Thai Chamber of Commerce calls for rate cut at next meeting

Thai Chamber of Commerce calls for rate cut at next meeting

Sanan says economic vulnerabilities persist

A man shops for decorative items and incense sticks in Bangkok's Chinatown on Thursday, ahead of the Lunar New Year celebrations. (Photo: Nutthawat Wichieanbut)
A man shops for decorative items and incense sticks in Bangkok's Chinatown on Thursday, ahead of the Lunar New Year celebrations. (Photo: Nutthawat Wichieanbut)

The Thai Chamber of Commerce (TCC) hopes the Bank of Thailand will reduce interest rates at its next meeting, noting that the economy is recovering but remains fragile.

Chamber chairman Sanan Angubolkul said the business sector has acknowledged the considerations and decision of the central bank's Monetary Policy Committee (MPC) to maintain its policy rate at 2.5% at its meeting on Wednesday, but suggested that at the next meeting the MPC should consider lowering interest rates to alleviate the burden on the public and reduce financial costs for businesses which would help mitigate the risk of a rise in non-performing loans.
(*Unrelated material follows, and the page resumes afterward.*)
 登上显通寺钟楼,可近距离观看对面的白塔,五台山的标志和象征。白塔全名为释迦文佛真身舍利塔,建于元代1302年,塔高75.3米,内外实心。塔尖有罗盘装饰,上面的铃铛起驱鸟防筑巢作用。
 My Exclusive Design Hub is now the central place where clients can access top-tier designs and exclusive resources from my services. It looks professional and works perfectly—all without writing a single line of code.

The Bank of Thailand is also being advised to introduce new measures to support easy access to funding for businesses. These steps are seen as crucial mechanisms to boost domestic purchasing power and provide momentum for the ongoing recovery of the economy, said Mr Sanan.

"The private sector sees that although the overall outlook for the economy this year shows signs of recovery, supported by the rapidly recovering tourism sector, there are still vulnerabilities," Mr Sanan said.
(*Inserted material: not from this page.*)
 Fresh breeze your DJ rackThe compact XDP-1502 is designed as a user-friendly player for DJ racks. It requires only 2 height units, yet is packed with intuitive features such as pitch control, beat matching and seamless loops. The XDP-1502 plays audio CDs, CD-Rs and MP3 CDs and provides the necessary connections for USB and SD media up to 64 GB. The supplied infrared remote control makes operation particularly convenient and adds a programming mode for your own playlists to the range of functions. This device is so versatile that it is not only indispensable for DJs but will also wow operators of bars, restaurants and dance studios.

"Domestic purchasing power has not yet fully rebounded, while the manufacturing sector shows a contracting trend. Additionally, the economy is bracing for various geopolitical issues and upcoming elections in several countries that may lead to significant policy changes, the impact of the Israel-Hamas conflict resulting in increased shipping costs and affecting energy prices, unrest in neighbouring countries and higher competition with Chinese products in the regional market."
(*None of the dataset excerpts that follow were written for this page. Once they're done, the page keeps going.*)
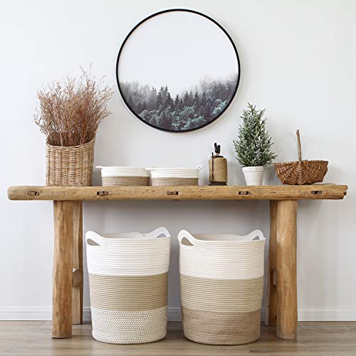 Sea Team 収納バスケット 収納かご 収納ボックス ロープバスケット 持ち手付き ランドリー ナチュラル 赤ち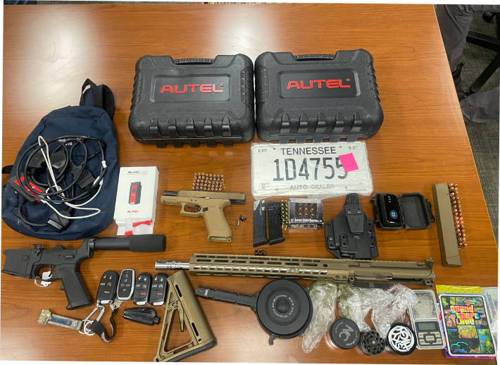 The Lexus he had been driving had been reported stolen in Murfreesboro. The pistol was recovered from the front seat. A red Nissan Maxima parked in the driveway was also reported stolen. Recovered from the residence was a second AR-15 lower receiver that had been reported stolen from a Knoxville gun show. Detectives also recovered programmable key fobs, a Dodge key fob, a Tennessee dealer tag, 21 grams of marijuana and drug paraphernalia.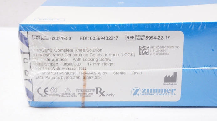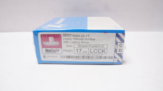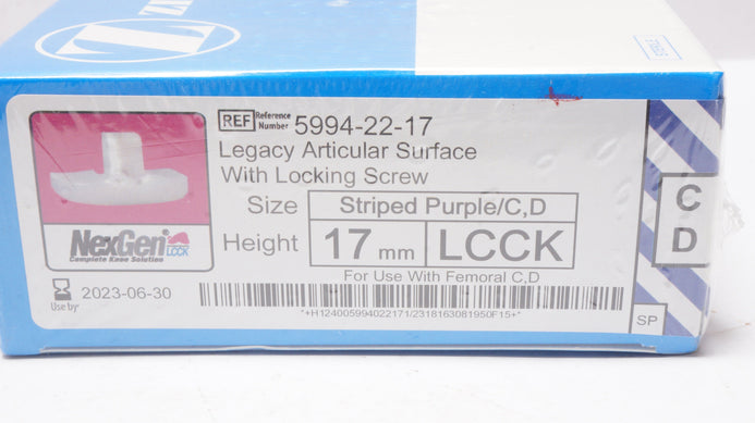- Zimmer 5994-22-17 legacy Articular Surface W/Locking Screw, Striped Purple/C,D

Meanwhile, Mr Sanan said businesses are under pressure from relatively high interest rates which directly impact their operating costs. The public also faces a high burden of debt, as borrowing remains at elevated levels, he said.

"Inflation figures declined for a fourth consecutive month in January, partially attributed to technical adjustments following the government's policy to reduce the cost of living related to energy. This decline further highlights the vulnerability of domestic purchasing power," he said.

The MPC at its meeting on Wednesday decided to maintain its policy rate at 2.5% and trim its 2024 growth projection to a range of 2.5-3% from 3.2% in its earlier projections.

The central bank has maintained its policy rate at 2.5% for two consecutive meetings.